* _Task objective_
Reproduce each line below precisely. Drop the pictures.

* _Given information_
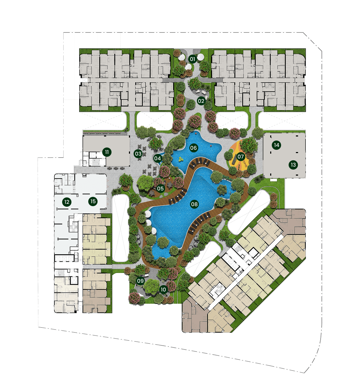 Khu cảnh quan thiền định với lối dạo bộ dưới tán cây, vườn thư giãn và mặt nước trong lành giúp tâm trí tìm lại sự tĩnh tại, an nhiên.
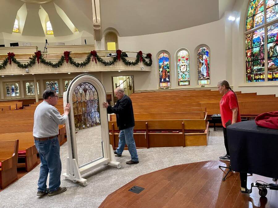 - Damaged Windows – Did a windstorm leave a window shattered? Or maybe you just have a couple of broken pieces? We match glass colors, painted styles, and if necessary, reconstruct the artwork of damaged/missing stained glass
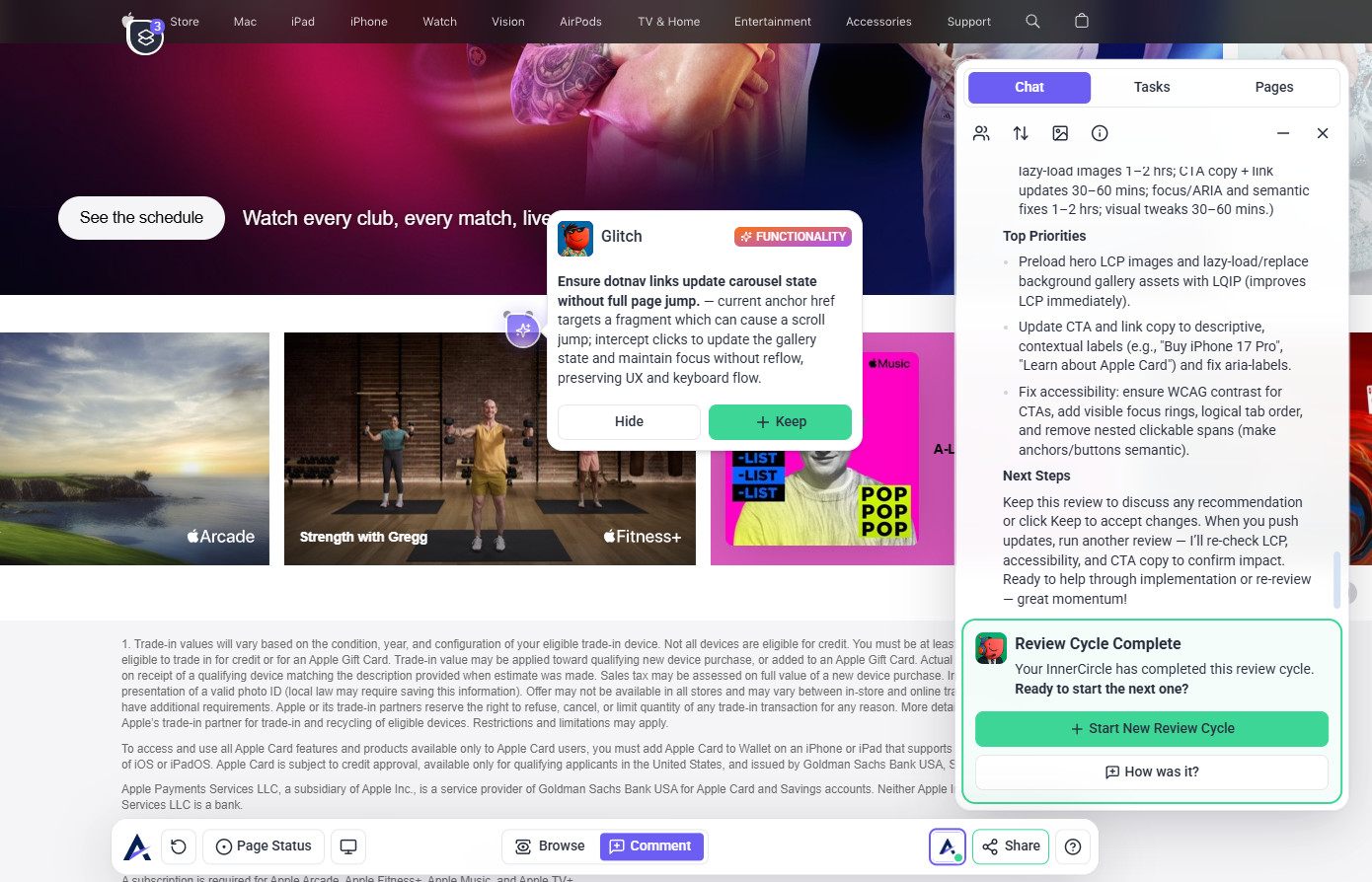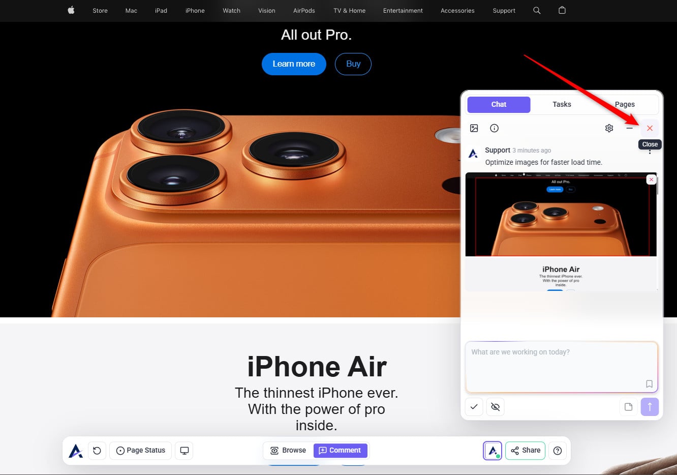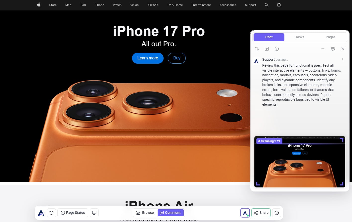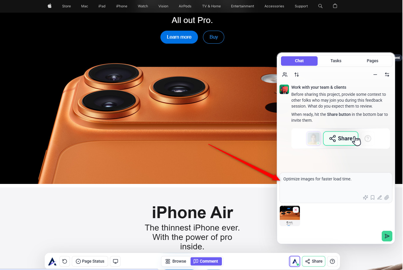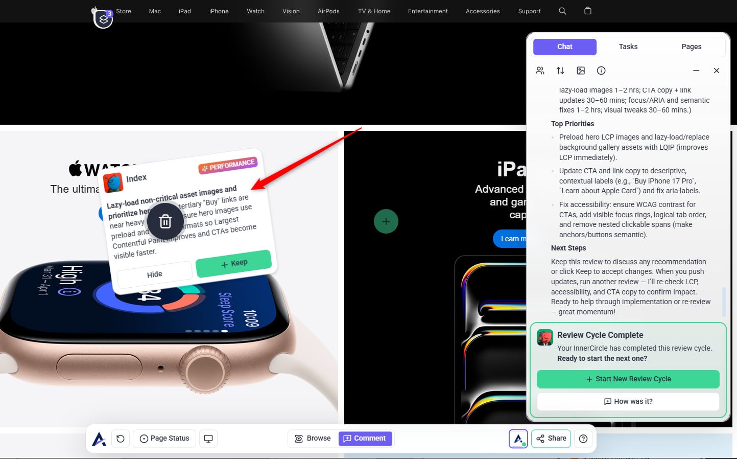 Tip: The review modal prioritizes your intent. When you state a specific request (e.g., “check this page on mobile”), the AI tailors its feedback to that goal — making reviews more focused, relevant, and actionable instead of generic.

* _Completed task_
 Khu cảnh quan thiền định với lối dạo bộ dưới tán cây, vườn thư giãn và mặt nước trong lành giúp tâm trí tìm lại sự tĩnh tại, an nhiên.
 - Damaged Windows – Did a windstorm leave a window shattered? Or maybe you just have a couple of broken pieces? We match glass colors, painted styles, and if necessary, reconstruct the artwork of damaged/missing stained glass
 Tip: The review modal prioritizes your intent. When you state a specific request (e.g., “check this page on mobile”), the AI tailors its feedback to that goal — making reviews more focused, relevant, and actionable instead of generic.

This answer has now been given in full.